= Wang Duo =

Wang Duo (王鐸) (died 884), courtesy name Zhaofan (昭範), formally the Duke of Jin (晉公), was a Chinese politician of the medieval Tang dynasty, serving as a chancellor during the reigns of Emperor Yizong and Emperor Yizong's son Emperor Xizong. After the agrarian rebel Huang Chao captured the Tang capital Chang'an in 880 and forced Emperor Xizong to flee, Wang was commissioned by Emperor Xizong to serve as the supreme commander of Tang forces in the central and eastern empire, effectively serving as viceroy with full imperial authorities to issue edicts, and Wang was instrumental in the various Tang maneuvers, including persuading Li Keyong and Zhu Quanzhong to join the Tang cause, in defeating Huang. In 884, on his way to his new post as the military governor (jiedushi) of Yichang Circuit (義昌, headquartered in modern Cangzhou, Hebei), Le Congxun (樂從訓) the son of Le Yanzhen the military governor of Weibo Circuit (魏博, headquartered in modern Handan, Hebei), enticed by the group of women that accompanied Wang, ambushed Wang and killed him, taking the women captive.

== Background ==
It is not known when Wang Duo was born. He came from a prominent aristocratic family, as his uncle Wang Bo served as a chancellor during the reigns of Emperor Muzong and Emperor Muzong's son Emperor Wenzong, although Wang Duo's father Wang Yan (王炎) died early and therefore did not reach high positions. Wang Duo himself passed the imperial examinations in the Jinshi class early in the Huichang era (841–847) of Emperor Wenzong's brother Emperor Wuzong, and subsequently served two terms on staffs of regional governors. Early in the reign of Emperor Wuzong's uncle and successor Emperor Xuānzong, he was recalled to the capital Chang'an to serve as an imperial censor with the title of Jiancha Yushi (監察御史), and subsequently served on the staff of the former chancellor Bai Minzhong when Bai served as the military governor (jiedushi) of Xichuan Circuit (西川, headquartered in modern Chengdu, Sichuan).

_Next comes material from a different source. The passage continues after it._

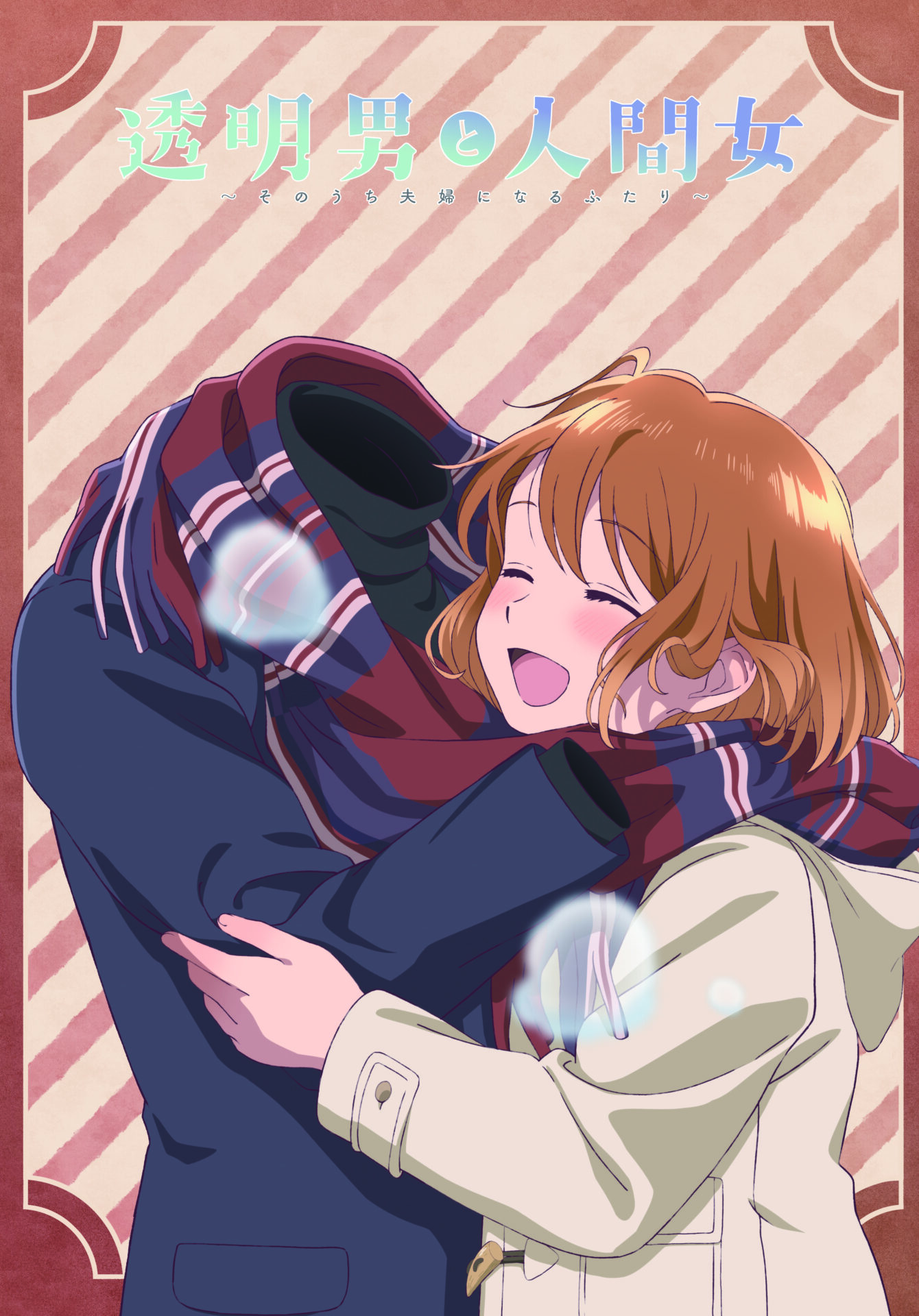 TVアニメ『透明男と人間女』の第2弾キービジュアルには、一つのマフラーを二人で巻き、笑顔で抱き合う冬の装いをした透乃眼あきらと夜香しずかの姿が。二人の間に確かな暖かさと絆が感じられるビジュアルになっています。

== During Emperor Yizong's reign ==
Early in the Xiantong era (860–874) of Emperor Xuānzong's son and successor Emperor Yizong, Wang Duo was recalled to Chang'an to serve as Jiabu Langzhong (駕部郎中), a supervisory official at the ministry of defense (兵部, Bingbu), and was put in charge of drafting edicts. He was later made Zhongshu Sheren (中書舍人), a mid-level official at the legislative bureau of government (中書省, Zhongshu Sheng). In 864, he was made the deputy minister of rites (禮部侍郎, Libu Shilang), and in that capacity oversaw the imperial examinations for two years. It was said that he chose the passing examinees properly and was praised for it. In 866, he was made deputy minister of census (戶部侍郎, Hubu Shilang) and the director of finances.

In 870, by which time Wang was referred to as the minister of defense (兵部尚書, Bingbu Shangshu) and the director of the salt and iron monopolies, Emperor Yizong made him the minister of rites (禮部尚書, Libu Shangshu) and gave him the designation Tong Zhongshu Menxia Pingzhangshi (同中書門下平章事), making him a chancellor de facto. At that time, fellow chancellor Wei Baoheng (Emperor Yizong's son-in-law) was very powerful, and Wei honored Wang as the one who selected him when he passed the imperial examinations. However, because of this, when Wei tried to install his followers as imperial officials, Wang resisted. As a result, due to Wei's efforts, in 873, Wang was sent out of the capital to serve as the military governor of Xuanwu Circuit (宣武, headquartered in modern Kaifeng, Henan), still carrying the Tong Zhongshu Menxia Pingzhangshi title as an honorary title.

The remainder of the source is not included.